Immaginate di avere dei satelliti di qualsiasi tipo e che abbiate bisogno di trasferire i dati raccolti a terra. Magari siete specialisti del meteo, oppure vi occupate di fotografia satellitare oppure ancora analizzate i valori ambientali. Fino al posizionamento orbitale non avete speso grandi cifre – in proporzione al vostro business – ma poi siete costretti a scegliere: o noleggiate a lungo termine delle stazioni terrestri per i dati oppure ve le fate fabbricare spendendo circa 1 milione di dollari (o più) a sito. Beh, almeno fino ad ora era così perché Amazon ha pensato di realizzare un servizio pay-per-use (a terra) che si chiama Amazon Web Services Ground Station: la tariffa è a minuti di downlink.

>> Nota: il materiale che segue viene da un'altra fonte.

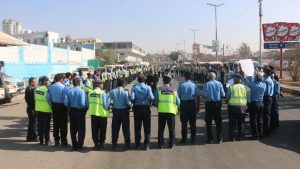 نظم منتسبو إدارة شرطة مرور محافظة تعز اليوم، وقفة احتجاجية تنديداً بالإساءة الأمريكية للقرآن الكريم.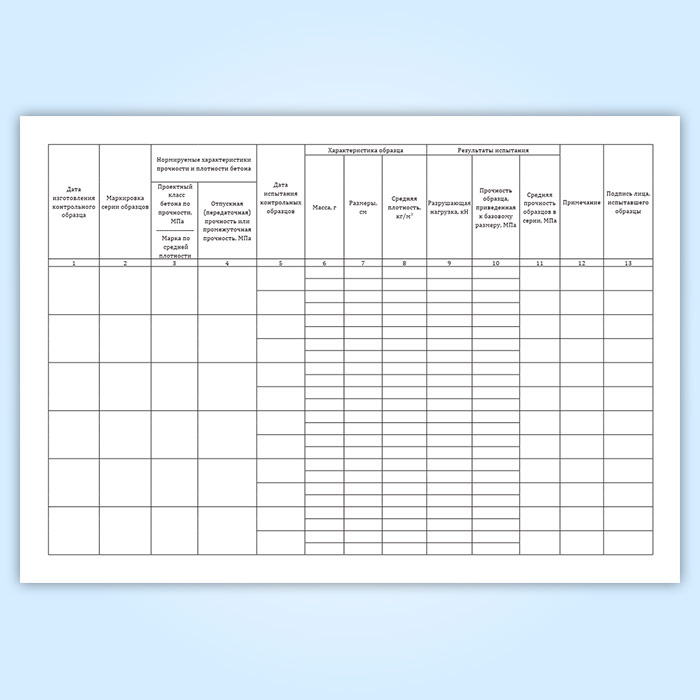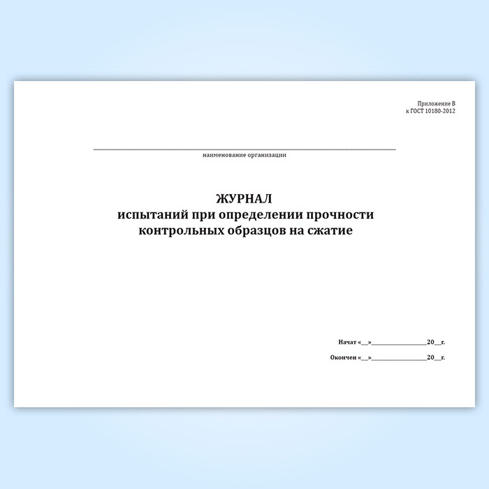 Журнал испытаний при определении прочности контрольных образцов на сжатие в Рошале купить

In pratica ieri il reparto cloud del colosso statunitense ha inaugurato le prime 2 delle complessive 12 stazioni terrestri che entro metà 2019 scombussoleranno il settore. “È possibile accedere a una stazione di terra con breve preavviso per gestire un evento speciale: maltempo, un disastro naturale o qualcosa di più positivo come un evento sportivo”, spiega Jeff Barr, evangelist di Amazon AWS sul sito ufficiale.

“Se è necessario accedere regolarmente a una stazione di terra per acquisire osservazioni sulla Terra o distribuire contenuti a livello mondiale, è possibile prenotare la capacità in anticipo e pagare ancora meno. AWS Ground Station è un servizio completamente gestito. Non è necessario costruire o mantenere antenne e basta concentrarsi sul proprio lavoro o ricerca”.

Amazon pensa a tutto. I dati analogici “grezzi” (raw) ricevuti dai satelliti vengono trasformati a terra in un flusso (su banda VITA 49 o VITA 49 RF su IP) e successivamente trasferiti ed elaborati su cloud (EC2) per essere indirizzati verso la destinazione finale. Una volta che tutto è in forma digitale sempre grazie ad Amazon si può approfittare dei suoi servizi di streaming (Amazon Kinesis Data Streams), processing (Rekognition e SageMaker), analisi (Redshift, Athena e QuickSight) reportistica e storage (Simple Storage Service e Glacier).

E l’ultimo pensiero non può che andare alla “pancia” di Amazon, dove un giorno potrebbero transitare tutti i dati satellitari delle aziende clienti. La policy contrattuale sarà monumentale?